Supplied data:
+ + + +

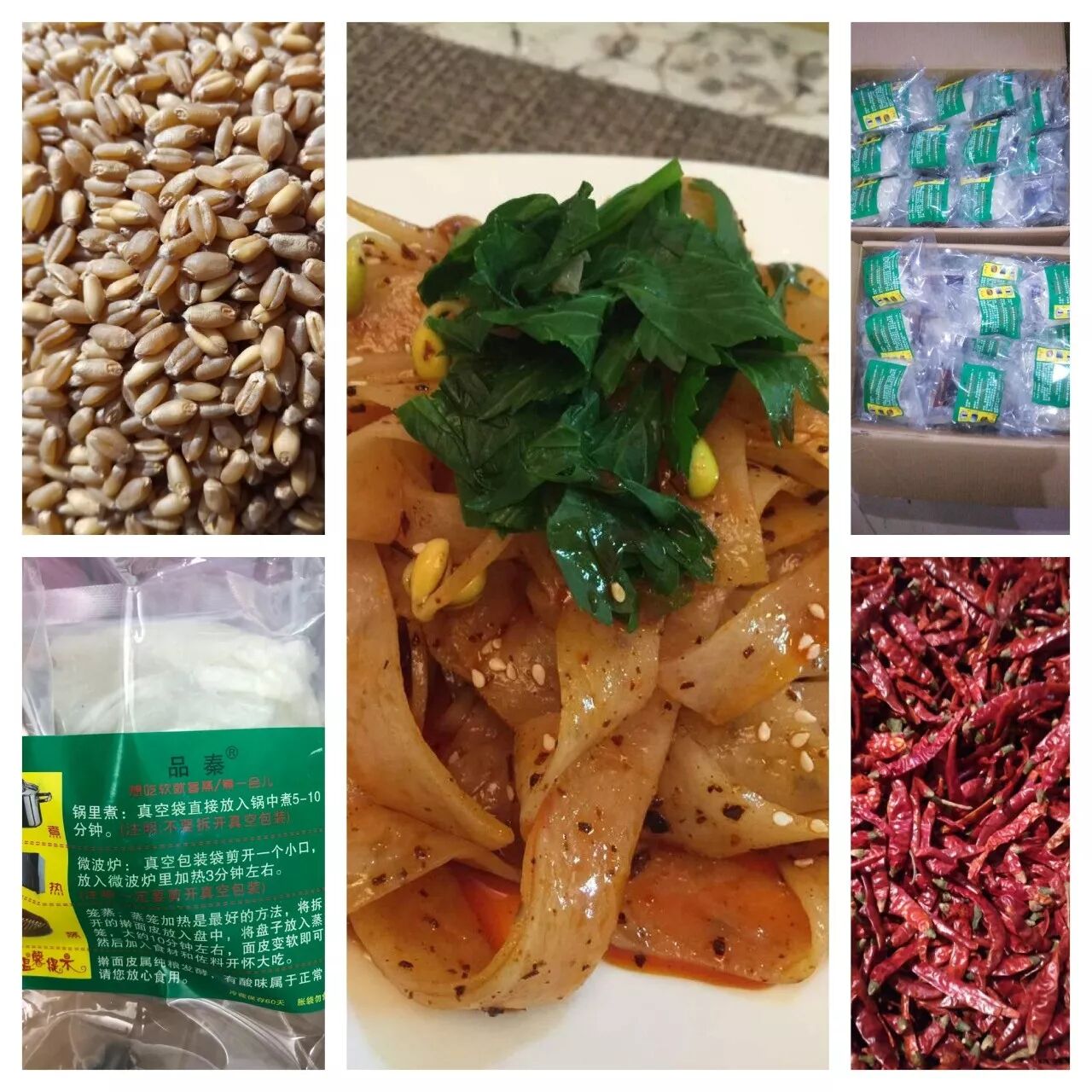 每袋包含:真空装擀面皮×1、 辣椒油包×1、调料醋包×1;
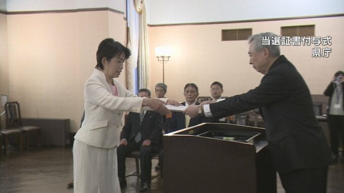 10日は県庁で当選証書の付与式が行われ、県選挙管理委員会の秋山洋委員長から2人に当選証書が手渡されました。
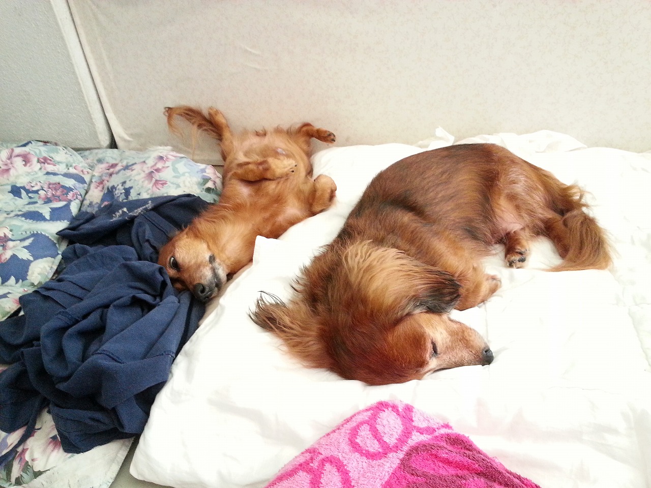 昨日、久しぶりにDAKSのタオルケット敷いて寝ました。。。チビタは、新しいシーツなど敷くと、すぐ、おしっこかけて匂いつけしてましたね。。このタオルケットもよくおしっこかけられたもんです。。ちびたか小生の匂いがついていれば、おしっこしないんですがね。。。ですから、新しく敷いたときは、ドアを閉めておくか、柵を置いて、チビタが先に寝床に行かないようにしたもんです。。。昨日は、その心配がもちろんありませんでしたね。。そんな緊張感も最近無いのに慣れましたね。。。ほんと、ちびたがいる頃は、油断も隙もない事が多くて、面白かったなあ。。。去年の今日は、JCOA沖縄研修会があって、デジカメはその写真だけですね。。。携帯に写真がありました。。。この仰向けの姿勢で少なくとも8分はいたようですね。。。暑かったのかなあ。。。。チビタは、お母さんと一緒だと満足してましたね。。。御飯食べるのもいつも先導、玄関の来客者に吠えるのも先。。。テレビで、ドアをノックするシーンがあって、それが本当に誰か来たと思って、玄関に突進して吠えるときは、傑作でしたね。。。テレビの子猫の鳴き声にもいちいち反応していたなあ。。
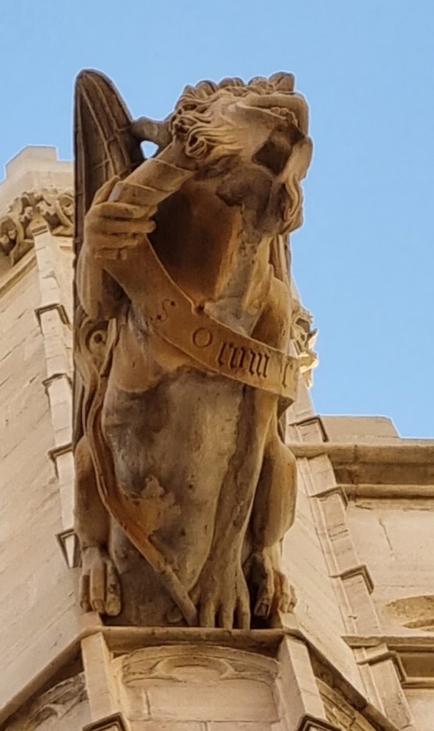 Pero por encima de todo, hay un elemento que hace de este emblema de Palma algo único. Podrás encontrar en ella a la gárgola más friolera de la ciudad. En ella esta la inscripción que dice «O COM ES FRED» o lo que es lo mismo, «que frío hace».
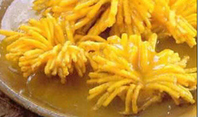 (2)勺内放油,烧六七成热,放入茄花炸成金黄色,捞出沥油。
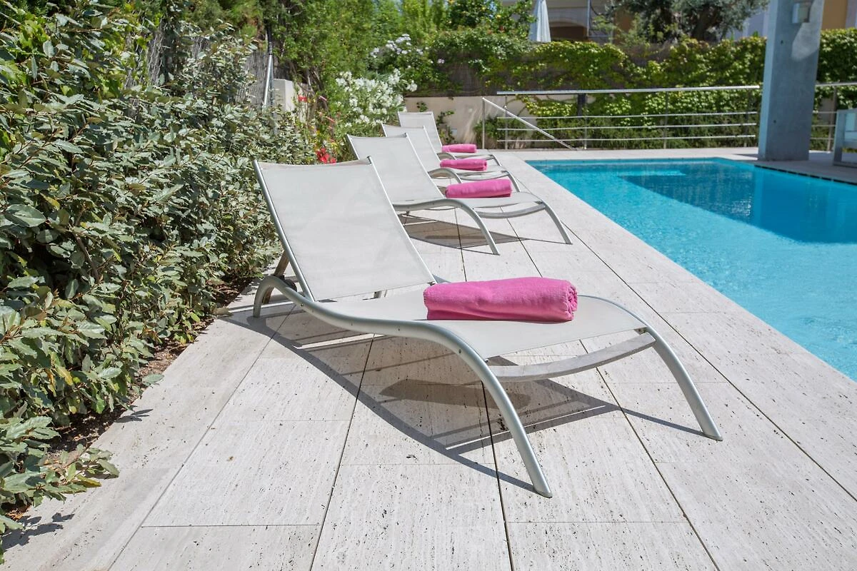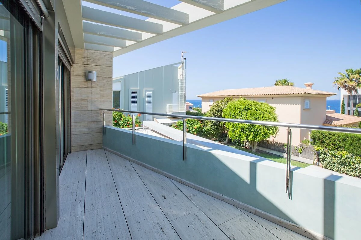 Neben der Veranda liegt der 12,5 x 3,5 m grosse Salzwasserpool (Wassertiefe von 0,70 – 1,85m), umgeben von 8 Sonnenliegen, auf denen Sie die Sonne Mallorcas geniessen können. Im Poolbereich befindet sich eine Aussendusche. Dank des mobilen Grills können Sie jede Ecke der Aussenanlage für ein Barbecue mit Freunden und Familie nutzen. Zum Garten gehören eine weitere Terrasse und eine 90 m2 grosse Rasenfläche. Sowohl 2 Schlafzimmer der ersten, als auch ein Schlafraum der zweiten Etage, haben Zugang zu weiteren Terrassen. Von der 50 m2 grossen Terrasse im Obergeschoss haben Sie einen fantastischen Ausbick auf das Dorf und das Meer.

+ + + +

Task to complete:
Set down the material above exactly. Skip any picture.

Answer box:
 每袋包含:真空装擀面皮×1、 辣椒油包×1、调料醋包×1;
 10日は県庁で当選証書の付与式が行われ、県選挙管理委員会の秋山洋委員長から2人に当選証書が手渡されました。
 昨日、久しぶりにDAKSのタオルケット敷いて寝ました。。。チビタは、新しいシーツなど敷くと、すぐ、おしっこかけて匂いつけしてましたね。。このタオルケットもよくおしっこかけられたもんです。。ちびたか小生の匂いがついていれば、おしっこしないんですがね。。。ですから、新しく敷いたときは、ドアを閉めておくか、柵を置いて、チビタが先に寝床に行かないようにしたもんです。。。昨日は、その心配がもちろんありませんでしたね。。そんな緊張感も最近無いのに慣れましたね。。。ほんと、ちびたがいる頃は、油断も隙もない事が多くて、面白かったなあ。。。去年の今日は、JCOA沖縄研修会があって、デジカメはその写真だけですね。。。携帯に写真がありました。。。この仰向けの姿勢で少なくとも8分はいたようですね。。。暑かったのかなあ。。。。チビタは、お母さんと一緒だと満足してましたね。。。御飯食べるのもいつも先導、玄関の来客者に吠えるのも先。。。テレビで、ドアをノックするシーンがあって、それが本当に誰か来たと思って、玄関に突進して吠えるときは、傑作でしたね。。。テレビの子猫の鳴き声にもいちいち反応していたなあ。。
 Pero por encima de todo, hay un elemento que hace de este emblema de Palma algo único. Podrás encontrar en ella a la gárgola más friolera de la ciudad. En ella esta la inscripción que dice «O COM ES FRED» o lo que es lo mismo, «que frío hace».
 (2)勺内放油,烧六七成热,放入茄花炸成金黄色,捞出沥油。
 Neben der Veranda liegt der 12,5 x 3,5 m grosse Salzwasserpool (Wassertiefe von 0,70 – 1,85m), umgeben von 8 Sonnenliegen, auf denen Sie die Sonne Mallorcas geniessen können. Im Poolbereich befindet sich eine Aussendusche. Dank des mobilen Grills können Sie jede Ecke der Aussenanlage für ein Barbecue mit Freunden und Familie nutzen. Zum Garten gehören eine weitere Terrasse und eine 90 m2 grosse Rasenfläche. Sowohl 2 Schlafzimmer der ersten, als auch ein Schlafraum der zweiten Etage, haben Zugang zu weiteren Terrassen. Von der 50 m2 grossen Terrasse im Obergeschoss haben Sie einen fantastischen Ausbick auf das Dorf und das Meer.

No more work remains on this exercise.